Inclusion Criteria:

   1. Aged ≤ 21 years.

   2. Acute myeloid leukemia (AML) OR acute leukemia of ambiguous lineage (acute
   undifferentiated leukemia or mixed phenotype acute leukemia), specified as either
   refractory (persistent leukemia after at least 2 courses of induction chemotherapy) or
   relapsed, and further defined as any one of the criteria below:

      1. Bone marrow specimen ≥ 5% leukemic blasts by flow, as assessed by Hematologics
      Inc.

      2. A single bone marrow specimen with at least 2 tests demonstrates ≥ 1% leukemic
      blasts by flow cytometry (as assessed by Hematologics Inc), AND at least one of
      the following:

         - Karyotypic abnormality with at least 1 metaphase similar or identical to
         diagnosis

         - FISH abnormality identical to one present at diagnosis

         - PCR or NGS-based demonstration of leukemogenic lesion identical to diagnosis

      3. Rising MRD > 0.1% by flow cytometry on ≥ 2 serial samples, as assessed by
      Hematologics Inc.

      4. If an adequate bone marrow sample is not obtained, subjects may be enrolled if
      there is unequivocal evidence of leukemia based on ≥ 5% blasts in the peripheral
      blood

   3. > 60 days has passed since hematopoietic stem cell transplant.

   4. Patients who have undergone previous allogeneic stem cell transplantation who are
   otherwise eligible must also be without evidence of any active graft versus host
   disease (GVHD), and off calcineurin inhibitors for at least 28 days (four weeks) prior
   to therapy. A physiologic dose of prednisone up to 3 mg/m2 (and a maximum of 7.5 mg)
   or equivalent other steroid dose is allowable.

   5. A minimum of 14 days has passed since completion of myelosuppressive therapy or
   gemtuzumab ozogamicin and all nonhematologic toxicities have resolved to Grade 0 or 1.

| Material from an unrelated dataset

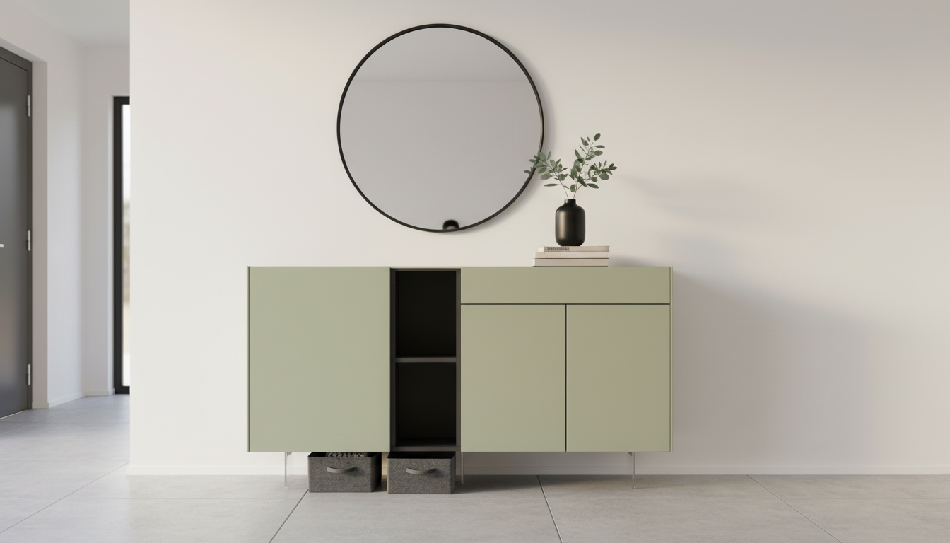 Ofrece una estética moderna, buena capacidad de almacenaje y una distribución práctica para organizar y decorar al mismo tiempo.

   6. A minimum of 24 hours has elapsed since the patient has completed any low-dose or
   non-myelosuppressive therapy (e.g., hydroxyurea or low-dose cytarabine (up to 100
   mg/m2).

   7. Lansky (subjects ≤ 16 years old) or Karnofsky (subjects > 16 years old) score ≥ 50.

   8. WBC ≤ 50,000/uL. This may be achieved using cytoreductive therapy such as hydroxyurea
   or low-dose cytarabine (up to 100 mg/m2/dose)

   9. Total bilirubin ≤ 2.0 x institutional upper limit of normal (ULN) for age.

10. AST/ALT ≤ 5 x ULN for age

11. Left ventricular ejection fraction ≥ 40% or ECHO shortening fraction ≥ 25%.

12. Estimated serum creatinine ≥ 60 mL/min/1.73m2

Exclusion Criteria:

   1. Patients receiving or planning to receive ANY concurrent cancer therapy, including
   chemotherapy, radiation therapy, immunotherapy or biologic therapy.

   2. Patients with down syndrome.

   3. Patients with Acute Promyelocytic leukemia (APL) or Juvenile Myelomonocytic Leukemia
   (JMML).

   4. Patients with Bone Marrow Failure Syndrome.

   5. Pregnant subjects or those unwilling to use an effective method of birth control.

   6. Female subjects with infants who do NOT agree to abstain from breastfeeding.

   7. Inability or unwillingness of legal guardian/representative to give written informed
   consent.

   8. Patients with uncontrolled systemic fungal, bacterial, viral or other infection.